▸ THE PROBLEM
All records must be quoted exactly. Omit the pictures.

Data items

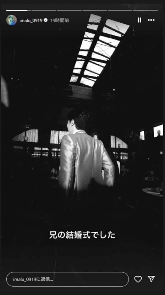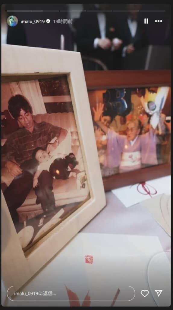 なお、二千翔さんの手を引く役目だったというIMALUさんが、タキシード姿で式場に立つ兄の姿、先述の写真を飾ったテーブルの写真などをInstagramのストーリーズに掲載してお祝いしたほか、新婦の書の先生を務めている日展作家・上籠鈍牛さんも式に参加した大竹さんとさんまさんのにこやかな笑顔の写真を同じく投稿していました。
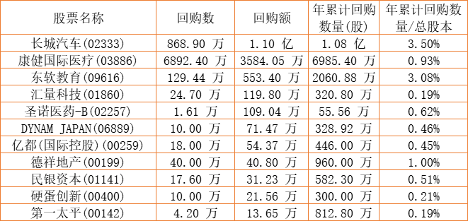艾德韦宣集团(09919)、DYNAM JAPAN(06889)、德祥地产(00199)、长城汽车(02333)、亿都(国际控股)(00259)、第一太平(00142)、汇量科技(01860)、瑞安建业(00983)、民银资本(01141)、东软教育(09616)、康健国际医疗(03886)、圣诺医药-B(02257)、硬蛋创新(00400)于2022年7月28日进行了回购。其中,回购金额最大的为长城汽车(02333),回购数量868.90 万,回购金额1.10 亿元。
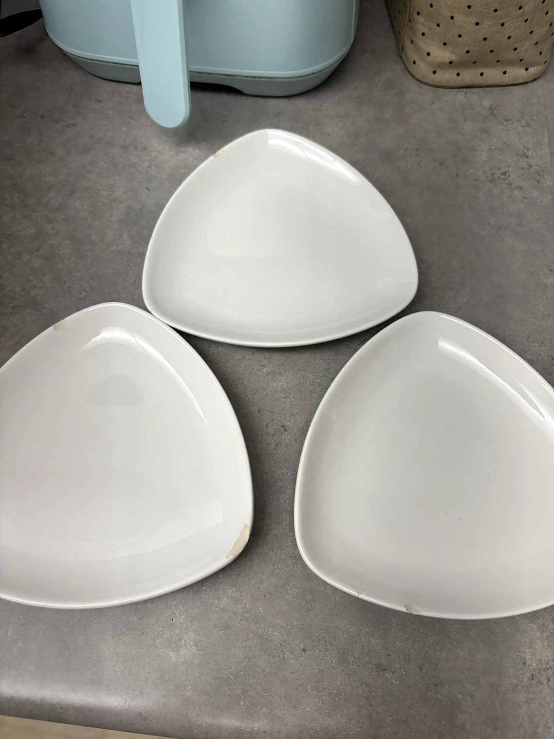 Selling a set of three white triangle plates. They have some minor chips on the edges, as shown in the pictures. Perfect for snacks, appetizers, or desserts! Pick up only please
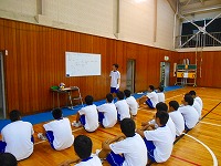あいにくの悪天候で体育館での授業となりました。
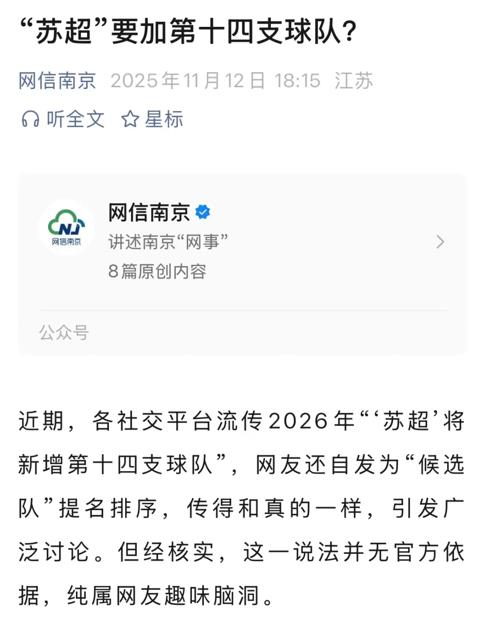 ·苏超要加第十四支球队?官方回应:纯属网友趣味脑洞。
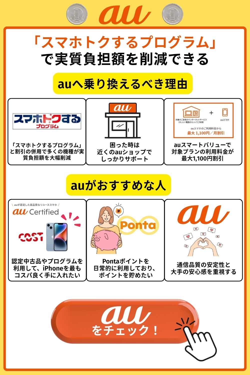 au | 145,400円※1 | 実質9,700円※2 →月々726円×22回+初回728円(129,300円お得) |

▸ ANSWER TO THE PROBLEM
 なお、二千翔さんの手を引く役目だったというIMALUさんが、タキシード姿で式場に立つ兄の姿、先述の写真を飾ったテーブルの写真などをInstagramのストーリーズに掲載してお祝いしたほか、新婦の書の先生を務めている日展作家・上籠鈍牛さんも式に参加した大竹さんとさんまさんのにこやかな笑顔の写真を同じく投稿していました。
艾德韦宣集团(09919)、DYNAM JAPAN(06889)、德祥地产(00199)、长城汽车(02333)、亿都(国际控股)(00259)、第一太平(00142)、汇量科技(01860)、瑞安建业(00983)、民银资本(01141)、东软教育(09616)、康健国际医疗(03886)、圣诺医药-B(02257)、硬蛋创新(00400)于2022年7月28日进行了回购。其中,回购金额最大的为长城汽车(02333),回购数量868.90 万,回购金额1.10 亿元。
 Selling a set of three white triangle plates. They have some minor chips on the edges, as shown in the pictures. Perfect for snacks, appetizers, or desserts! Pick up only please
あいにくの悪天候で体育館での授業となりました。
 ·苏超要加第十四支球队?官方回应:纯属网友趣味脑洞。
 au | 145,400円※1 | 実質9,700円※2 →月々726円×22回+初回728円(129,300円お得) |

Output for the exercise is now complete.